My seven year-old came downstairs last night in tears, so upset she could hardly tell me what was wrong. It finally came out that she was crying because of the death three years ago of a family friend. We had visited this dear woman several times during the time that we were living near her, and spending time with her clearly left an impression. I’m so glad my children got to know her and love her, and I’m so thankful that the relationship touched my daughter so deeply. But the experience brought sadness, too. The sorrow my daughter felt stemmed from all sorts of things: the loss of a relationship, the awareness of the passage of time, the inevitability of death. I’m not sure happiness knows about these things. Joy does. Joy lives in the midst of them and overcomes them. Happiness skims the surface of life. Joy knows the deeper things and is glad to have them, even when having them brings sorrow.

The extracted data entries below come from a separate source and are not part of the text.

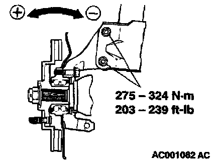 NOTE: For vehicles with aluminum type wheels, attach the camber/caster/kingpin gauge to the driveshaft by using special tool MB991004. Tighten special tool MB991004 to the same torque 226 ± 29 Nm (167 ± 21 ft. lbs.) as the driveshaft nut.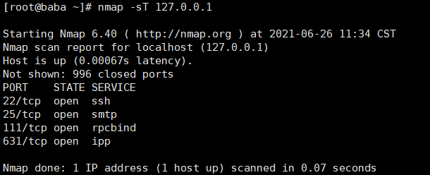 | -sT | TCP连接扫描,这是完整的TCP扫描方式(默认扫描类型),用来建立一个TCP连接,如果成功则认为目标端口正在监听服务,否则认为目标端口并未开放 |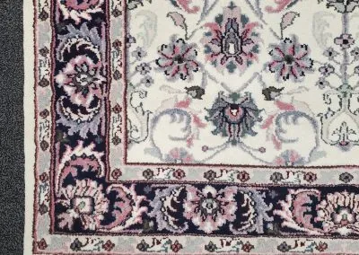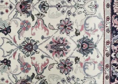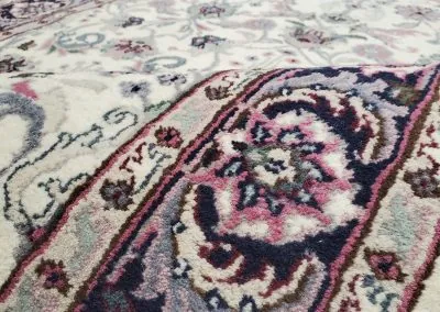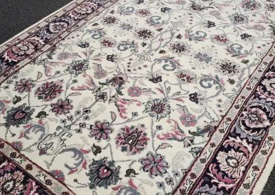 This hand-knotted rug is designed with a beautiful classic all-over pattern in bright colours. The rug is in like-new condition.

One last beautiful bit from Beyond Words: Mystical Fancy in Children's Literature by James E. Higgins:
Writers like Macdonald, Hudson, Saint-Exupéry, Tolkien, Lewis, and others are men stunned by the awesome beauty of the universe, and yet they are forever in their stories trying to capture hints of this magic wonder. They are men alone, separated as they are from their fellows by their knowledge of how little they really know. They are men with strong appetites for the wonderful. They are sad men, too, knowing as they do, how difficult it is to satisfy the appetites of the heart. The sadness that pervades their books is the joyful sadness of mortal men reaching for the immortal.
And later:
The child himself undoubtedly will never be aware of the part that such stories may play in the process of his education. And yet, perhaps while reading Hamlet in later years, or upon seeing it performed, some distant echo will help him to know exactly what the Prince means when he says to his friend:
There are more things in heaven and earth, Horatio, Than are dreamt of in your philosophy.